Caused by: line 1:42: mismatched input '(' expecting {'STRING', 'EMIT',
        'CHANGES', 'FINAL', 'ESCAPE', 'INTEGER', 'DATE', 'TIME', 'TIMESTAMP',
        'INTERVAL', 'YEAR', 'MONTH', 'DAY', 'HOUR', 'MINUTE', 'SECOND', 'ZONE',
        'PARTITION', 'STRUCT', 'EXPLAIN', 'ANALYZE', 'TYPE', 'TYPES', 'SHOW', 'TABLES',
        'COLUMNS', 'COLUMN', 'PARTITIONS', 'FUNCTIONS', 'FUNCTION', 'ARRAY', 'MAP',
        'SET', 'RESET', 'SESSION', 'DECIMAL', 'KEY', 'SINK', 'SOURCE', 'PRIMARY',
        'REPLACE', 'ASSERT', 'ADD', 'ALTER', 'IF', IDENTIFIER, DIGIT_IDENTIFIER,
        QUOTED_IDENTIFIER, BACKQUOTED_IDENTIFIER, VARIABLE}
Caused by: org.antlr.v4.runtime.InputMismatchException

I want to know, is it correct to write CONCAT and CAST when creating a stream, or we just can use these kinds of queries in the select statement?

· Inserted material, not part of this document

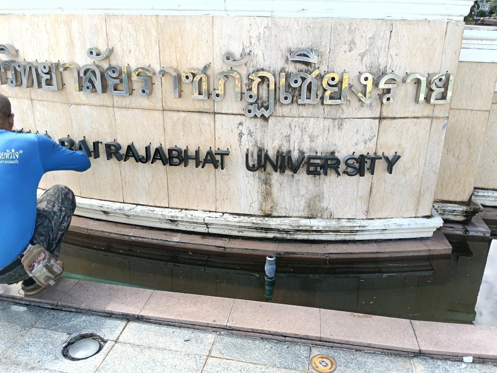ซ่อมแซมป้ายตัวหนังสือ ด้านหน้ามหาวิทยาลัย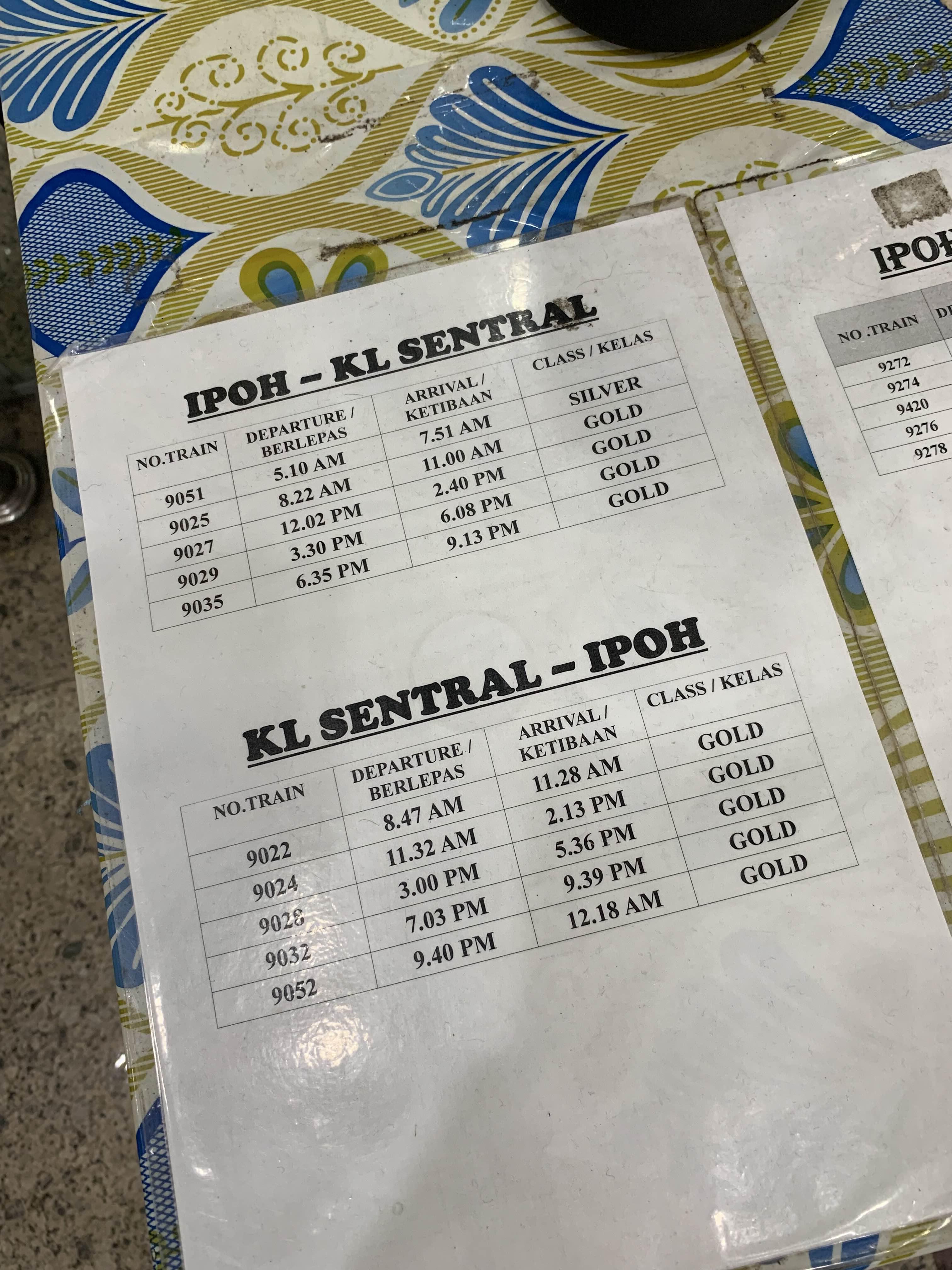 이포에서 쿠알라룸푸르 KL센트럴까지 5편의 기차가 운행하고 있습니다.

If it's not possible, is there any solution for solving this issue?


Solution

  • CREATE STREAM statements define how a stream looks in terms of fields, data types, and constraints. It is not the right place to define calculation logic, i.e. how the fields should be filled. The right place to do this is in a SELECT statement, as you correctly assumed.

    Try to first define your stream based on what is in your Kafka topic:

    CREATE STREAM testStream (Price INT, RlcDate VARCHAR, RlcTime VARCHAR, Id VARCHAR) 
    WITH (kafka_topic='testTopic', partitions=1,value_format='JSON');
    

    This stream is an alternative, queriable representation of your existing Kafka topic. Now you can select data according to your criteria and continuously expose the results of that query into a new stream (which in turn needs a backing Kafka topic):

    CREATE STREAM testStreamResult WITH (kafka_topic='testTopicResult', partitions=1, value_format='JSON', timestamp = 'concat_timestamp', timestamp_format = 'yyyyMMddHHmmssSS')
    AS SELECT 
    `Price`,
    `RlcDate`,
    `RlcTime`,
    concat(`RlcDate`, LPAD(RlcTime, 8, '0')) `concat_timestamp`,
    `Id`
    FROM testStream
    EMIT CHANGES;
    

    If the provided logic is correct based on incoming data, testStreamResult should allow you to use it in a JOIN with the timestamp semantics you are looking for.